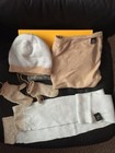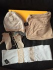 F0TY2 MITTENS WINTER SIGNATURE PRINT. FENDI BABY SET SCARF GLOVES HAT BAG WOOL. AUTHENTIC FENDI BABY SET (HAT, GLOVES, SCARF) WOOL WITH BAG. HAT (REVERSIBLE). GLOVES W STRING ATTACHED. CARRYING BAG. All inside the original box.
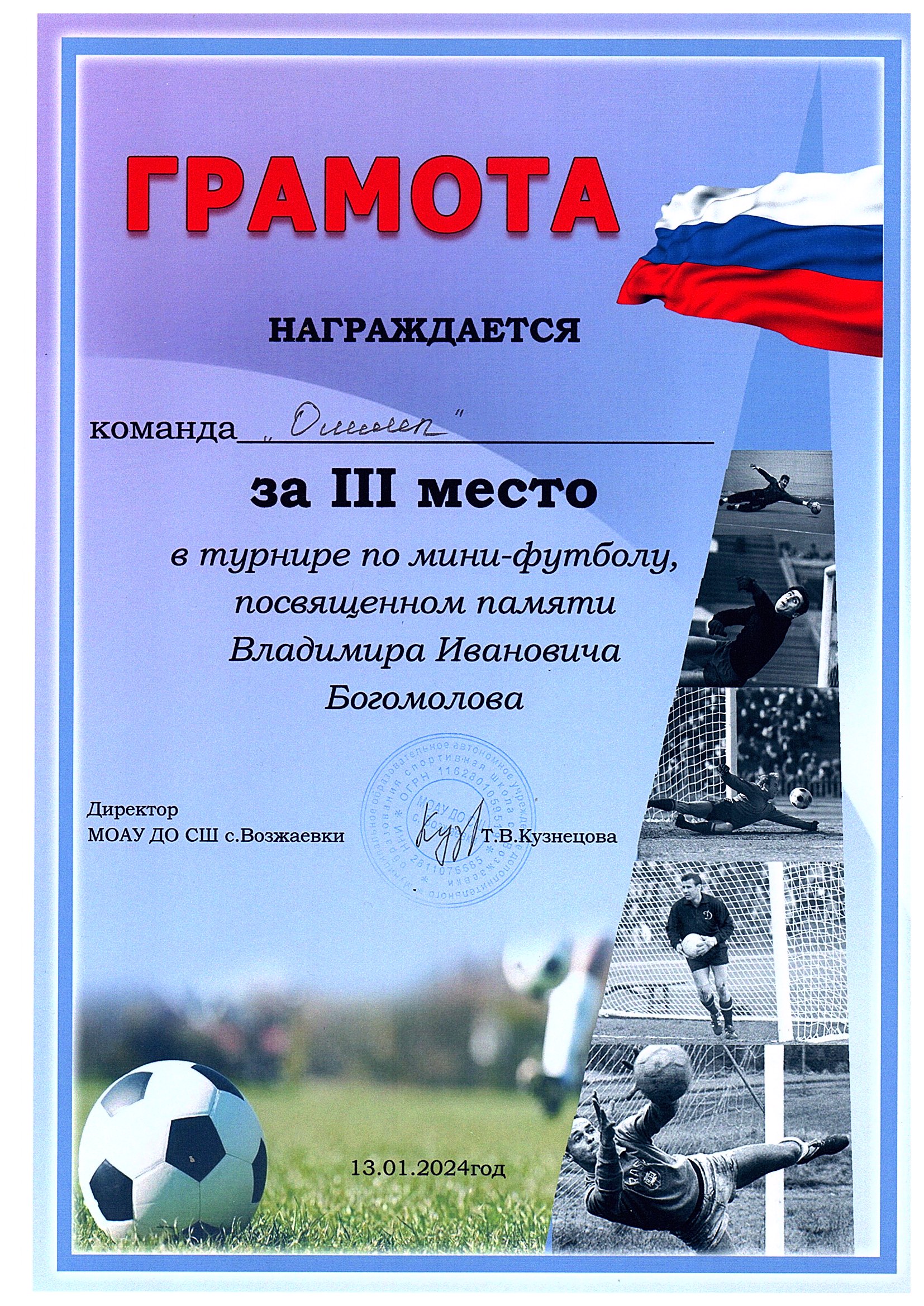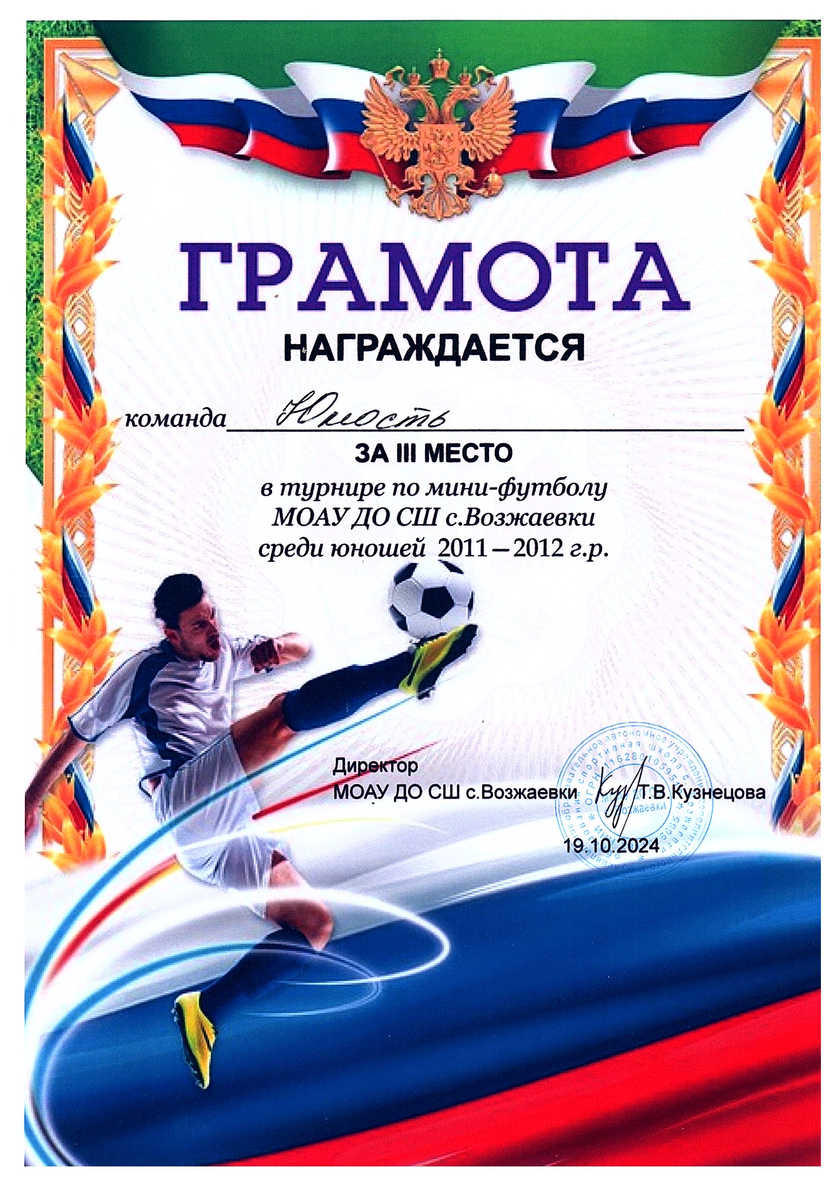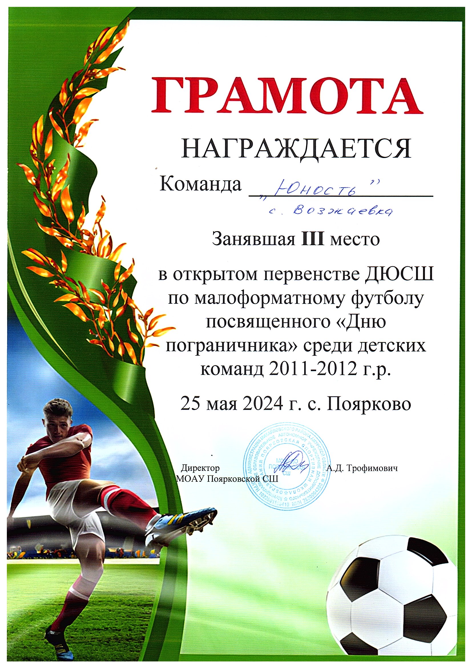 Занимаемая должность - Тренер-преподаватель Преподаваемые предметы – Футбол Общий трудовой стаж - 8 лет
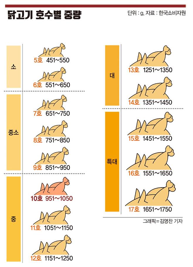 업계에 따르면 10호는 '골든 사이즈'로 불리는 중간 크기의 닭고기로 보통 1㎏입니다.
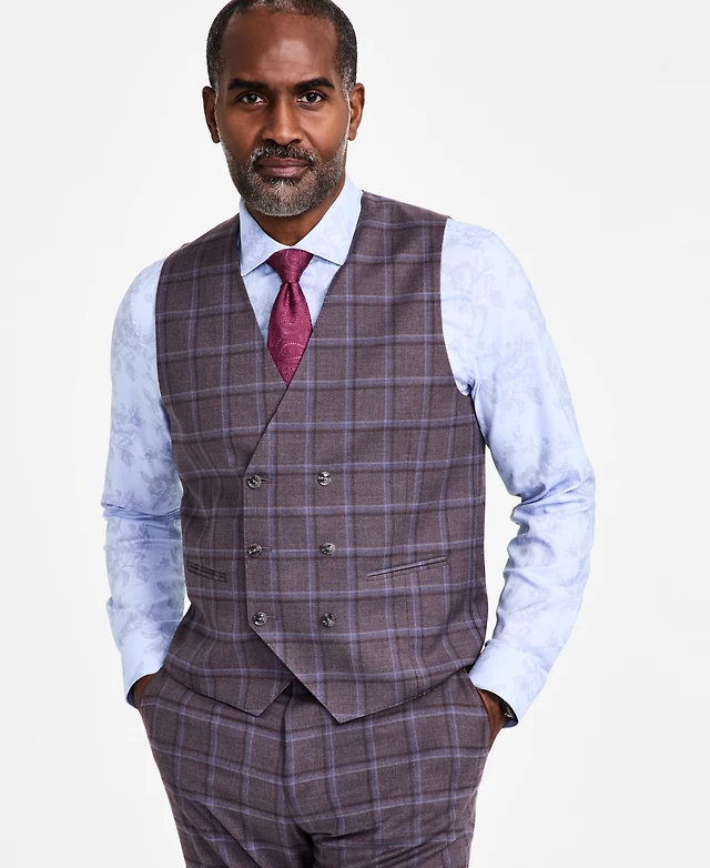 Tayion Collection Men's Regular-Fit Plaid Suit Vest

TO DO: Everything from the line containing "업계에 따르면 10호는" to the last line of the listing above must be reproduced exactly, with no pictures included.

SOLUTION FOR THIS EXERCISE:
 업계에 따르면 10호는 '골든 사이즈'로 불리는 중간 크기의 닭고기로 보통 1㎏입니다.
 Tayion Collection Men's Regular-Fit Plaid Suit Vest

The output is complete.